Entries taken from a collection
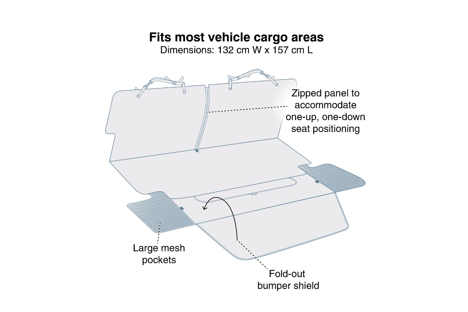 Your dog has plenty of ways to mess up your cargo area, but let's not blame it all on her. Fromtaking household waste to the recycling centre to picking up a container of geraniums, there are lots of things that can leave a mess. Keep things clean with our waterproof, stain-resistant Cargo Cape, with multiple attachment points to keep it from sliding around. But it literally doesn't end there-it comes with a unique fold-out flap to protect your bumper from superficial damage, like scratches, or denting from your powerful legs.
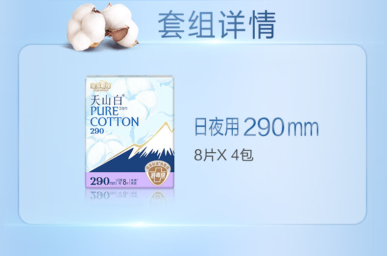 淘淘氧棉天山白纯棉消毒级日夜用卫生巾290mm8片*4 京东自营
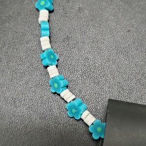Blue, green and white flower necklace
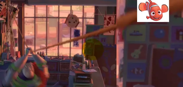 Para salir del Salón Oruga Buzz pasa rápidamente por una cuerda y al fondo hay dibujos relacionados con Finding Nemo
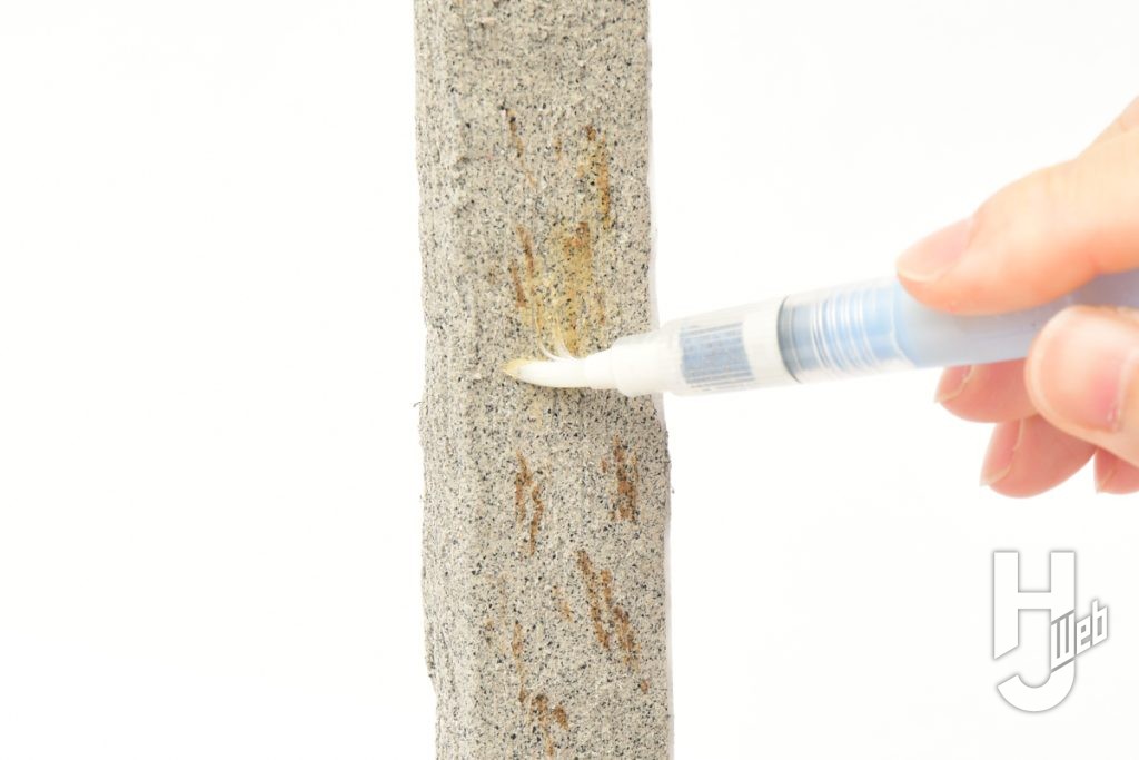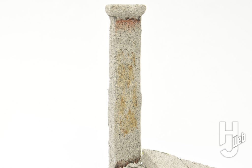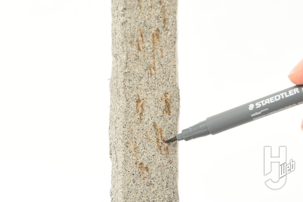 ▲ 上はブラウン、下はグレー、中心はアンバーで、柱のランダムな汚れをつけていきました。石の粘土単体でも柱感はありますが、ピグメントブラッシュペンで汚し、ブレンディングリキッドでぼかすことでさらに雰囲気を出すことができます
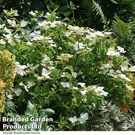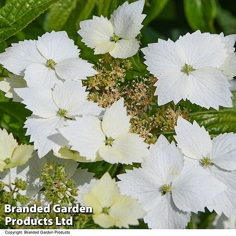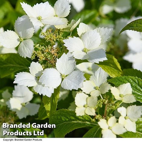 We are proud to present Hydrangea ‘Cloud Nine’, a product of T&M’s own breeding. Masses of white lacecap flowers blanket the plant for months on end, offset by glossy green leaves. With striking serrated edges to the petals, the large flowers open a pale lime green before fading to brilliant white. Especially useful in tricky shady areas, this hardy shrub makes a great patio plant and brings height and structure to a border. Height and spread: 120cm (4ft).
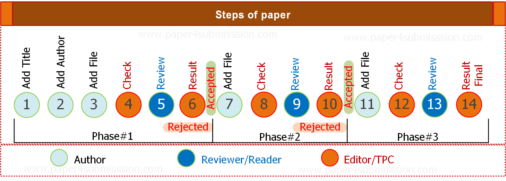 ***(กรณีบทความ จากระยะที่1 หรือ ระยะที่2 มีผลการพิจารณา : ผ่านการพิจารณา )ส่งไฟล์บทความฉบับแก้ไขสมบูรณ์ (Full paper) จะต้องมีชื่อ ผู้แต่งบทความ ชื่อหน่วยงาน ประวัติผู้แต่ง step[11] : อัพโหลดไฟล์step[12] : ตรวจสอบไฟล์จาก Editor/TPCstep[13] : ผู้ทรงคุณวุฒิประเมินบทความstep[14] : แจ้งผลการพิจารณาบทความ (ผล : ผ่านการพิจารณา --> ไป download หนังสือตอบรับ/ชำระเงิน)(ผล : ไม่ผ่านการพิจารณา --> สิ้นสุด) จะต้องส่งไฟล์ จำนวน 4 ไฟล์1). ไฟล์ ฉบับแก้ไขสมบูรณ์ ( *.pdf)2). ไฟล์ ฉบับแก้ไขสมบูรณ์ ( *.doc/docx)3). ไฟล์ บทคัดย่อ ( *.pdf)4). ไฟล์ บทคัดย่อ ( *.doc/docx)-------------------------------
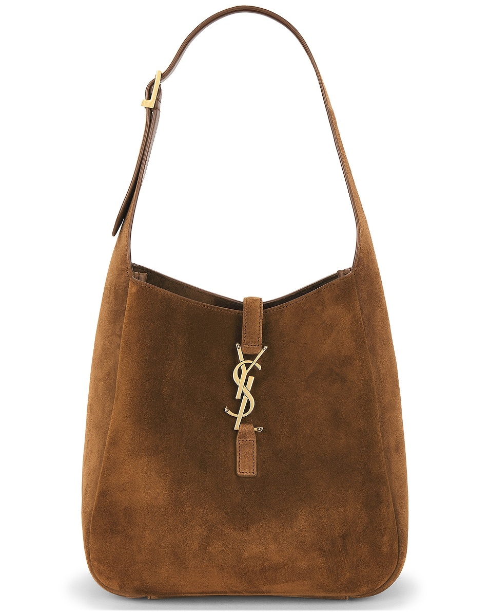 Details - Suede exterior with calfskin leather trim and gold-tone hardware - YSL hook closure - One main compartment - One interior zipper pocket - Front gold-tone cassandre hardware - Adjustable shoulder strap - Measures approx 17 cm W x 16 cm H x 7 cm D - Shoulder strap with a 26 cm drop - This item is not available to ship to Indonesia - Made in Italy - Our Style No. SLAU-WY3150 - Manufacturer Style No. 713938-1U80W-2916
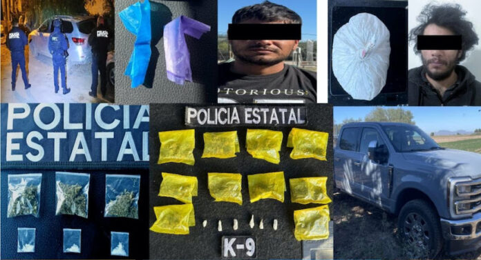 Al norte de Sonora, en la colonia Palma Dorada, en Caborca, la corporación realizó la detención de Uriel “N”, de 29 años de edad, al incautarle seis envoltorios que contenían hierba verde y sustancia granulada; asimismo, en el sector conocido como Miguel Hidalgo, en Guaymas, aseguraron tres envoltorios a un menor de edad.
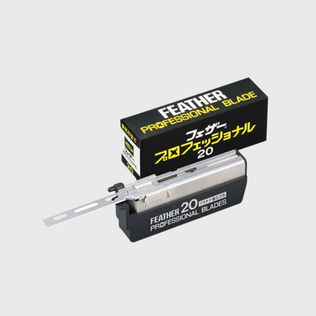 Profesionálne náhradné brity PB-20, hrúbky 0.254 mm, vhodné do všetkých britev na žiletky modelového radu Feather Artist Club. Čepele PB-20 majú väčší záber čepele približne 1 mm a sú vhodné pre všetky typy fúzov.
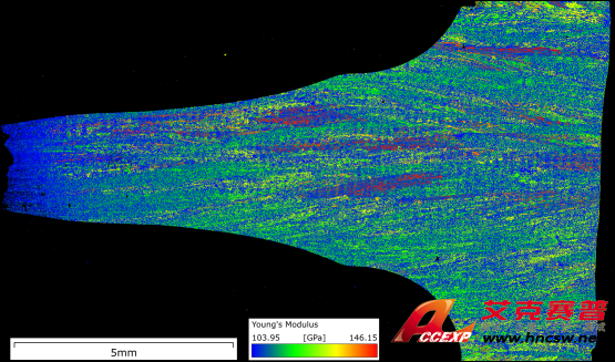 該面分布圖顯示了來自大型力學(xué)測試的Ti64合金樣品的EBSD數(shù)據(jù),晶粒取向數(shù)據(jù)用于計算加載方向的楊氏模量

YOUR TASK:
Using the data above, print only the lines starting at the one with "Para salir del" and ending at the one with "We are proud", exactly as they stand, minus the pictures.

OUTPUT OF THE EXERCISE:
 Para salir del Salón Oruga Buzz pasa rápidamente por una cuerda y al fondo hay dibujos relacionados con Finding Nemo
 ▲ 上はブラウン、下はグレー、中心はアンバーで、柱のランダムな汚れをつけていきました。石の粘土単体でも柱感はありますが、ピグメントブラッシュペンで汚し、ブレンディングリキッドでぼかすことでさらに雰囲気を出すことができます
 We are proud to present Hydrangea ‘Cloud Nine’, a product of T&M’s own breeding. Masses of white lacecap flowers blanket the plant for months on end, offset by glossy green leaves. With striking serrated edges to the petals, the large flowers open a pale lime green before fading to brilliant white. Especially useful in tricky shady areas, this hardy shrub makes a great patio plant and brings height and structure to a border. Height and spread: 120cm (4ft).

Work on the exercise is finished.